The HPSPLIT Procedure

SAS Enterprise Miner Syntax and Notes

In addition to the syntax that is described in the CLASS and MODEL statement sections, PROC HPSPLIT supports SAS Enterprise Miner INPUT/TARGET syntax that many Enterprise Miner users are familiar with. The INPUT/TARGET syntax cannot be used together with the CLASS/MODEL syntax of SAS/STAT. Doing so is an error.

Enterprise Miner style syntax has one TARGET statement and one or more INPUT statements. If you use the Enterprise Miner syntax, then the PROC HPSPLIT statement, the TARGET statement, and the INPUT statement are required. Depending on the options in those statements, specified variables can be interval or nominal. By default, numeric INPUT variables are treated as interval (or continuous) predictors, and character INPUT variables are treated as nominal (or categorical) predictors.

  • INPUT variables </ option>;

  • TARGET variable </ option>;

INPUT Statement

  • INPUT variables </ option>;

The INPUT statement specifies predictor variables for the decision tree or regression tree. The value of variable can be a range such as "var_1–var_1000" or the special "_ALL_" value to include all variables in the data set. As with CLASS variables, all nominal INPUT variables are padded or truncated to 32 characters.

It is an error to use an INPUT statement with a MODEL or CLASS statement.

You can specify the following option:

LEVEL=INT | NOM

specifies whether the specified predictor variables are interval or nominal.

INT

treats all numeric variables as interval predictors.

NOM

treats all variables as nominal predictors.
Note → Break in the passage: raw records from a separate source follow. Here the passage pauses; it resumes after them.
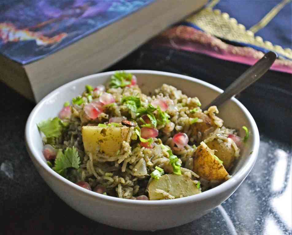 The first time I made it, I made it for myself as Sruti went to school. It was so delicious, so I didn’t want her to miss out on this. So I made it again on the weekend and as expected she loved it as she is a hardcore potato lover. And I had to make it thrice more before asking her to stop with it as I needed to prepare the other dishes for the BM. Some recipes used anardhana, but as I didn’t have any and I don’t get it here in Madurai, I used some fresh pomegranate seeds for topping. I also couldn’t source baby potatoes while making this, so I used larger potatoes, peeled and cubed. The combination of herbs, potato, spices and rice makes it a filling flavoursome meal.
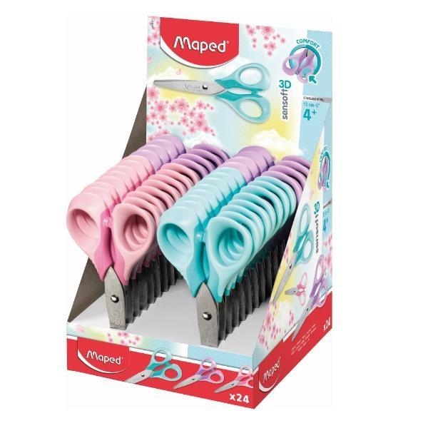 MAPED TIJERAS SENSOFT 3D DIESTROS 13CM SIMÉTRICAS C/SURTIDOS PASTEL -EXPOSITOR 24-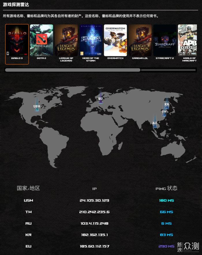 游戏探测雷达实时显示超过10款热门电竞游戏在全球各地服务器连接速度,便于玩家选择最快的服务器与世界同胞展开激烈的对抗。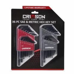 - 9 Piece Long Arm SAE: 1/16″, 5/64″, 3/32″, 1/8″, 9/64″, 5/32″, 3/16″, 1/4″, 5/16″.
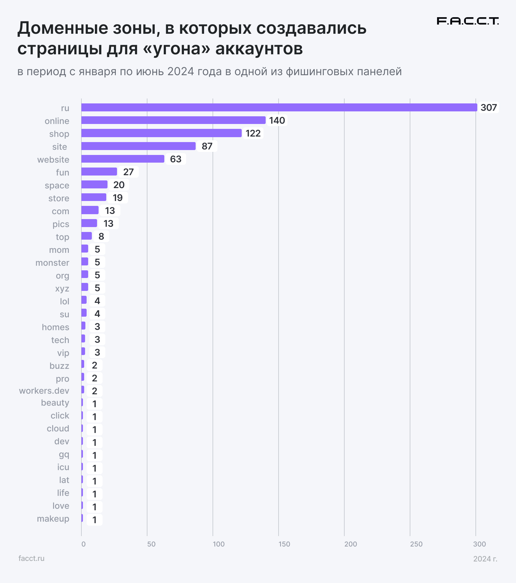Обнаружено более 900 фишинговых ресурсов, зарегистрированных в 2024 году и сделанных с помощью фишинговой панели SE (данные указаны на конец июня). Больше всего доменов было зарегистрировано в доменной зоне .ru — 307, на втором и третьем месте по популярности доменные зоны — .online и .shop. Наименование доменов часто содержит: «telegram», «premium», «auth», «tlg», «prem» и т.д. Многие свежие ресурсы доступны с добавлением пути «/tme», который в фейк-шаблоне прописывается по умолчанию.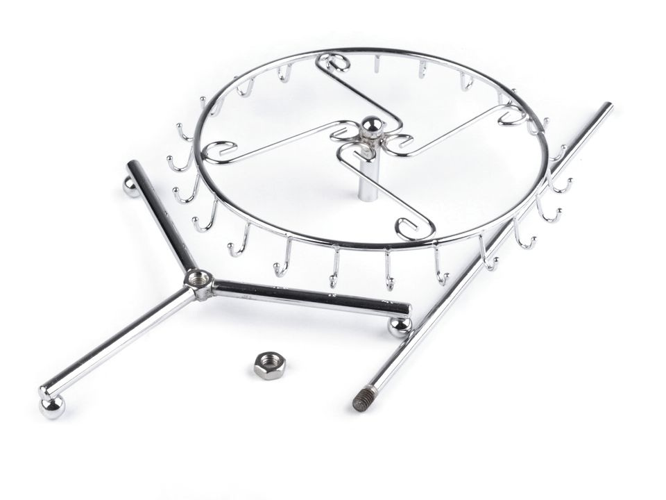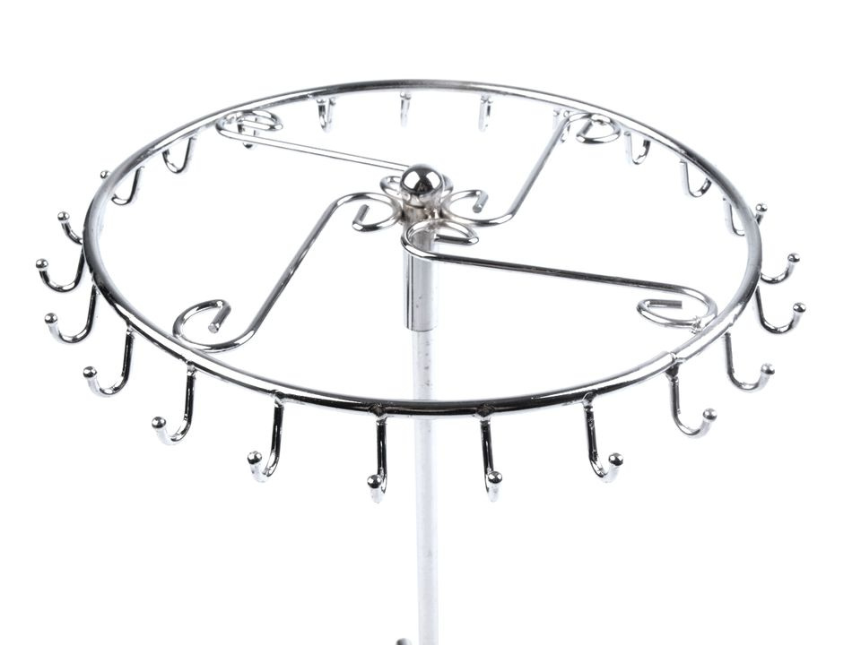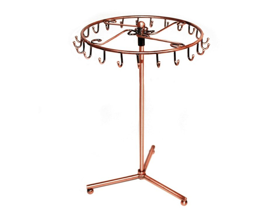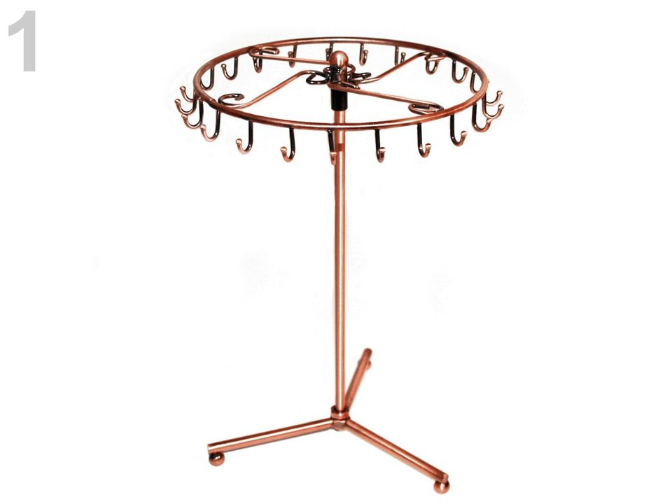 Stojan určený pro zavěšení náhrdelníků, náramků, přívěsků na řetízku a jiných typů bižuterie. Spoje měděného stojanu jsou v černé barvě díky sváření, toto zbarvení je zcela přirozené jelikož se jedná o měď. Podstavec má 15x17cm, výška 31cm, sluníčko Ø20cm, na něm je umístěno 23 háčků (1x2cm).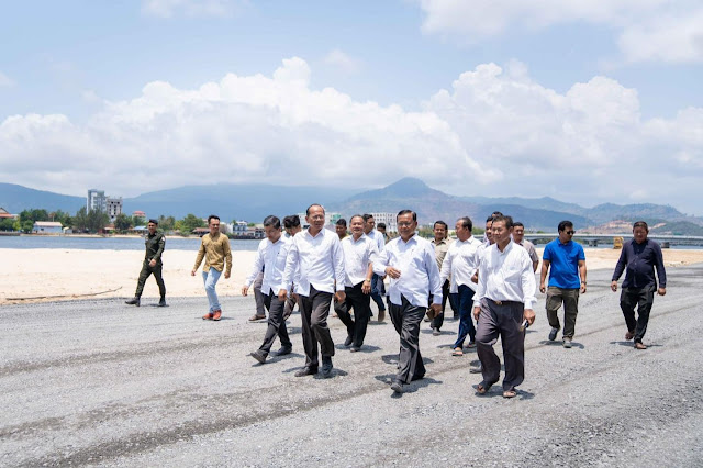 ខេត្តកំពត៖ យោងតាមការចុះផ្សាយរបស់ មន្ទីរព័ត៌មានខេត្តកំពត បានឱ្យដឹងថា នៅព្រឹកថ្ងៃទី៣ ខែមេសា ឆ្នាំ២០២៤ បន្ទាប់ពីបញ្ចប់ពិធីសម្ពោធដាក់ឱ្យប្រើប្រាស់ឧប្បដ្ឋានសាលាក្នុងវត្តយសសុវណ្ណអូរជុំព្រៃទន្លេ ក្នុងស្រុកបន្ទាយមាស ឯកឧត្តម ម៉ៅ ធនិន អភិបាលខេត្តកំពត បានបន្តចុះពិនិត្យវឌ្ឍនភាពនៃការស្ថាបនាផ្លូវឆ្នេរខ្សាច់កម្សាន្តប្របមាត់ព្រែកកំពង់បាយចាប់ពីស្ពានឥន្ទធនូ (ស្ពានចាស់) រហូតដល់ស្ពានកំពង់បាយ(ស្ពានថ្មី) និងរូបសំណាកសេះសមុទ្រមុខសាលាខេត្តចាស់។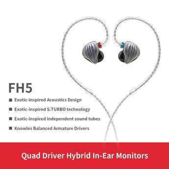 • ???Exotic-inspired S.TURBO technology for a burst of pure, raw lows??‘The FH5??™s low frequency sound tube adopts FiiO??™s patented S.TURBO (stands for Sound Turbo) acoustic structural design, which makes you get meaty, deep bass. S.TURBO also filters out unnecessary mid and high frequencies produced by the bass driver ensuring a more seamless transition between the lows and highs.

By default, numeric variables are treated as interval predictors, and character variables are treated as nominal predictors. Specifying LEVEL=NOM forces all variables in that statement to be treated as nominal. PROC HPSPLIT ignores the LEVEL=INT option for character variables.

TARGET Statement

  • TARGET variable </ options>;

The TARGET statement names the variable whose values PROC HPSPLIT tries to predict. Missing values in the target are ignored except during scoring.

It is an error to use a TARGET statement with a MODEL or CLASS statement.

You can specify the following options:

LEVEL=INT | NOM

specifies whether the specified response variable is interval or nominal.

INT

treats the response as an interval variable and creates a regression tree.

NOM

treats the response as a nominal variable and creates a decision tree.

By default, LEVEL=NOM, and PROC HPSPLIT creates a decision tree (nominal response).

ORDER=ordering

ensures that the response values are levelized in the specified order. You can specify the following values:

ASC | ASCENDING

levelizes response values in ascending order.

DESC | DESCENDING

levelizes response values in descending order.

FMTASC | ASCFORMATTED

levelizes response values in ascending order of the formatted value.

FMTDESC | DESFORMATTED

levelizes response values in descending order of the formatted value.

By default, ORDER=DESC.

Example Classification Tree Syntax for SAS/STAT and SAS Enterprise Miner

The following two programs are equivalent. The first is based on the syntax in the section Syntax: HPSPLIT Procedure, and the second is SAS Enterprise Miner syntax.

proc hpsplit data=sashelp.cars;
  class enginesize model;
  model enginesize = mpg_highway model;
run;
proc hpsplit data=sashelp.cars;
  target enginesize;
  input mpg_highway model;
run;

Example Regression Tree Syntax for SAS/STAT and SAS Enterprise Miner

The following two programs are equivalent. The first is based on the syntax in the section Syntax: HPSPLIT Procedure, and the second is SAS Enterprise Miner syntax.

proc hpsplit data=sashelp.cars;
  class model;
  model enginesize = mpg_highway model;
run;
proc hpsplit data=sashelp.cars;
  target enginesize / level=int;
  input mpg_highway model;
run;

Note for SAS Enterprise Miner Users

Note: The RSS splitting criterion is also known as the variance splitting criterion.